Colleague hails Fridriksson as “distinguished pioneer”

January 22, 2010

Julius Fridriksson

Julius Fridriksson

Two studies by Arnold School researcher Dr. Julius Fridriksson are making the rounds of the scientific blogs after receiving an endorsement by Dr. Whitney Anne Postman-Caucheteux of Temple University.

In a guest post on the scientific blog “Talking Brains,” Postman-Caucheteux describes Fridriksson as one of the “most distinguished pioneers” in understanding the contributions of parts of the brain to speech difficulties in person with chronic aphasia.

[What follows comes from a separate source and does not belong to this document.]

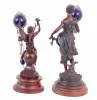 Clocks- 2 (Two) modern reproduction bronze swinging arm, 8 days, figural timepieces, on turned wood bases, c2000 both are in very good overall condition, with nice patinas on the detailed metal figures, and the dark blue movement balls are intact. The larger clock is missing the top half of its suspension block, the other block needs repair, and neither were tested. Hts to tops of figures 15" and 13"

Postman-Caucheteux, like Fridriksson, is interested in using functional Magnetic Resolution Imaging to study aphasia.

“With two recently published aphasia fMRI papers, Dr. Fridriksson and his team at the University of South Carolina have done it again, by combining advanced fMRI techniques for acquiring overt speech responses with sophisticated psycholinguistic analyses of word production in aphasia,” Postman-Caucheteux writes.

Fridriksson is director of the Aphasia Lab at the Arnold School’s Department of Communication Science and Disorders.

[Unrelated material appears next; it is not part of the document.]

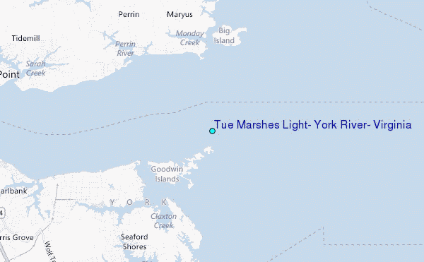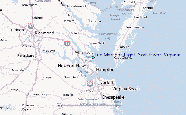 Use this relief map to navigate to tide stations, surf breaks and cities that are in the area of Tue Marshes Light, York River, Virginia.

Last year, Fridriksson was the recipient of a five-year, RO1 grant, worth $1.8 million, to support groundbreaking research into understanding how the same areas of the brain used to produce speech also are important for understanding speech.

“It (the study project) pretty much breaks from conventional wisdom which suggests that we have one area of the brain for speech production and one area for speech comprehension,” he said.